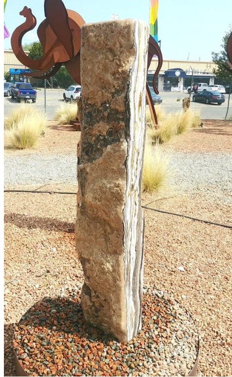
“Black Canyon Falls”
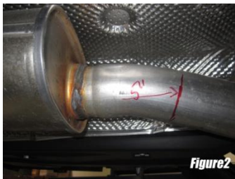
Figure 2: measure 5" inches from behind the passenger side muffler and cut

3. once you have removed the factory exhaust you will need to cut off the factory butterfly valves at specific locations. Figure 1: measure 6" inches from behind the driver's side muffler and cut
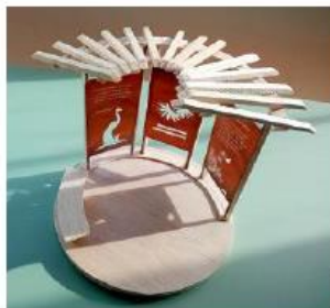
10 Ft. Shade Circles – 5 each
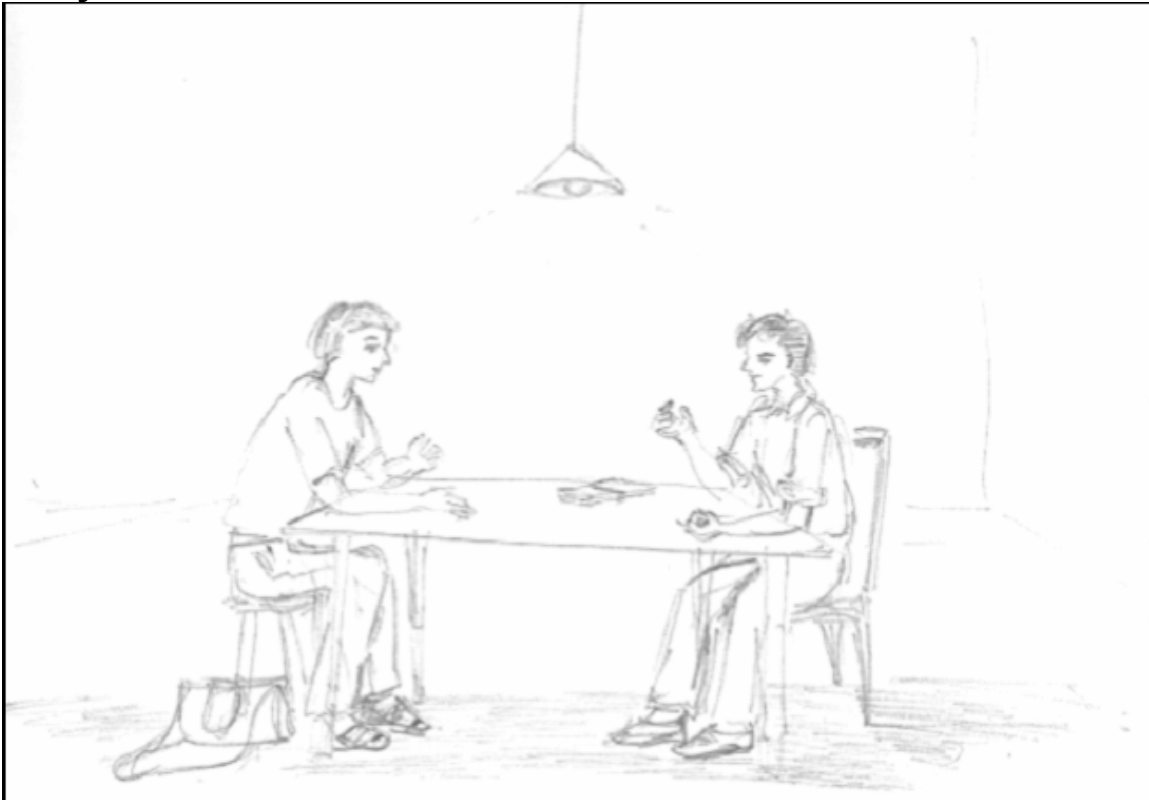
Figure1. Two people are trying to get rid of a guy as soon as possible. A deal was struck. (Discussion done in the dark of night high contrast scene)
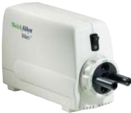
49500TW MFI Solarc Light Source with Turret
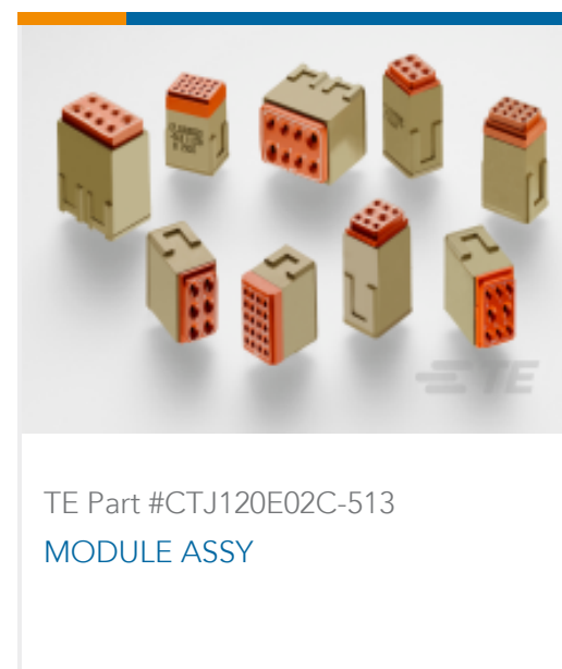
TE Part #CTJ120E02C-513 MODULE ASSY
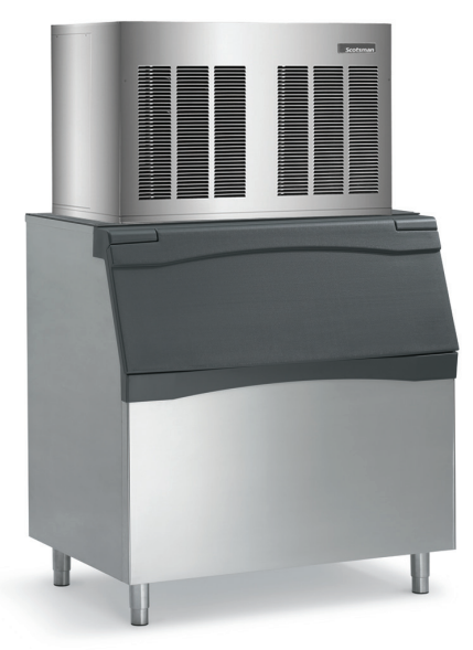
Shown on B948S bin with optional KLP8S legs..
________________
→ **Task objective**
Output should consist of the lines above from the one with "3. once you" down to the one with "TE Part #CTJ120E02C-513 MODULE ASSY", exact and without pictures.

→ **Result**
3. once you have removed the factory exhaust you will need to cut off the factory butterfly valves at specific locations. Figure 1: measure 6" inches from behind the driver's side muffler and cut
10 Ft. Shade Circles – 5 each
Figure1. Two people are trying to get rid of a guy as soon as possible. A deal was struck. (Discussion done in the dark of night high contrast scene)
49500TW MFI Solarc Light Source with Turret
TE Part #CTJ120E02C-513 MODULE ASSY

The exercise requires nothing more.